A = adult; C = children; ECT = exercise challenge test; EIA = exercise-induced asthma; FEV1 = forced expiratory volume in 1 second; ICS = inhaled corticosteroids; M = males; NR = not reported; SD = standard deviation

Key Question T–5: Anticholinergic Agents

Description of Included Studies

Eighteen randomized crossover trials79–96 met the inclusion criteria for the review of short-acting anticholinergic (SAAC) therapy. The studies were published between 1976 and 1989. All studies were conducted either in Europe79,82,85–90,92–94 or North America.80,81,83,84,91,95,96

The drugs studied were atropine,84,86,91 ipratropium bromide (IB),79–83,85,87,88,90,93–96 and oxitropium bromide (OB).88,89,92 The definitions of EIA as measured by the percent fall in FEV1 or PEF were 10 percent or greater,81,86,96 15 percent or greater,80,83,87–89,91,95 and 20 percent or greater.79,85,92,93 The ECT was performed on a treadmill,79,83–86,89,90,92–94,96 bicycle ergometer,80,81,87,88,91,95 and free running (FRAST).82 The characteristics of the trials are summarized in Table 35.

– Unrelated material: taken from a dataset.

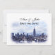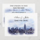 Ensemble d'invitation stylisé et rêveur avec vue sur la skyline de New York en bleu marine : - Enregistrez la date ========

Table 35. Description of trials in the therapy review: Anticholinergic therapy.

Table 35

Description of trials in the therapy review: Anticholinergic therapy.

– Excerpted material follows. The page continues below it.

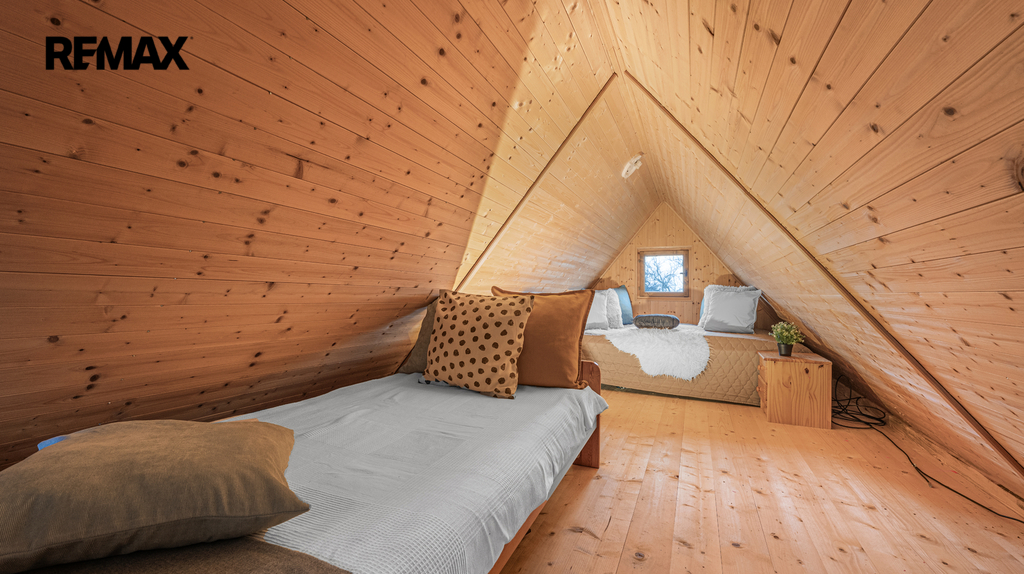 Objekt se skládá z hlavního obývacího pokoje a obytného podkroví, přičemž součástí je i přistavěná koupelna, která je plně zařízená a nabízí veškerý potřebný komfort. Kuchyň je vybavena potřebnými spotřebiči a nábytkem, což zajišťuje pohodlné vaření a každodenní využití. Topení zajišťují kamna, které dodávají chatě útulnou atmosféru během chladnějších měsíců. Dále je k dispozici technická místnost pro uskladnění potřebných věcí.

The baseline characteristics of the participants are presented in Table 36. The number of patients enrolled ranged from 6 to 20. Seven studies79,80,84,86,89,91,96 included only children, eight included only adults, 81–83,87,88,90,94,95 and three included both.85,92,93 All participants in these trials had a confirmed asthma status; for most, the asthma was mild and stable.

Table 36. Baseline characteristics of patients in trials in the therapy review: Anticholinergic therapy.

Table 36

Baseline characteristics of patients in trials in the therapy review: Anticholinergic therapy.

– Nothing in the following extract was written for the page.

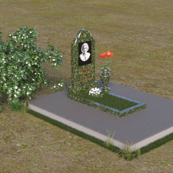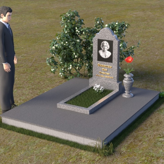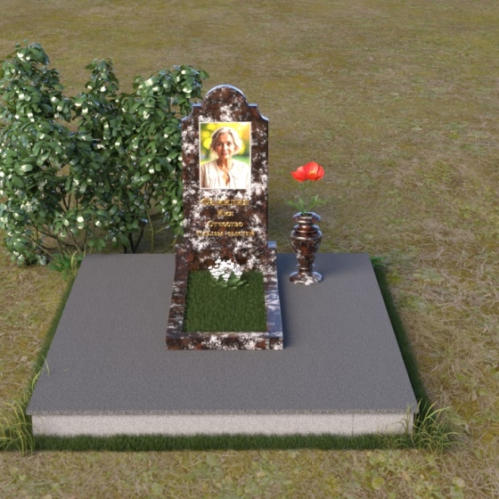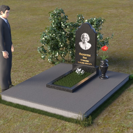 Мемориальная композиция ПВ 067 представляет собой вертикальную стелу, увенчанную плавной, изящной аркой. Верхняя часть стелы имеет аккуратно скругленные углы, что придает ей мягкость и утонченность. В верхней части стелы располагается овальный медальон с портретом. Нижняя часть стелы переходит в горизонтальную плиту, образуя единое целое. Плита имеет строгую прямоугольную форму с четкими гранями. Фаска по периметру плиты придает ей законченный вид и подчеркивает геометрию. Рядом со стелой установлена небольшая ваза из того же материала, выполненная в классическом стиле. Ее плавные линии и темный цвет гармонично сочетаются с основным элементом композиции.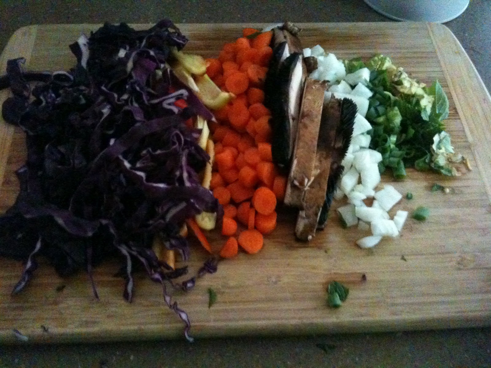 Combine the coconut milk, coconut cream, and 2 cups of the broth in a large pot over medium heat. Stir in the curry paste, ginger, garlic, red pepper flakes and onion. Bring to a boil. Add the rest of the vegetables bring to a boil again. Add the rice noodles and incorporate them into the soup add the rest of the broth. Reduce to a simmer and let cook for 25 to 30 minutes. Feel free to add Sriracha sauce if you need more heat!

Methodological Quality of Included Studies

Table 37 summarizes the methodological quality of the included studies. Overall the quality of the 18 trials was low with a median Jadad score of 2.5 (IQR: 2, 3) (Table 37). Concealment of allocation was unclear in all the trials. Seven trials did not report their source of funding,79,82,85,86,91,92,94 eight received private industry support,80,83,87–90,93,95 and three were supported by government grants.81,84,96 The body of evidence is classified as “moderate.”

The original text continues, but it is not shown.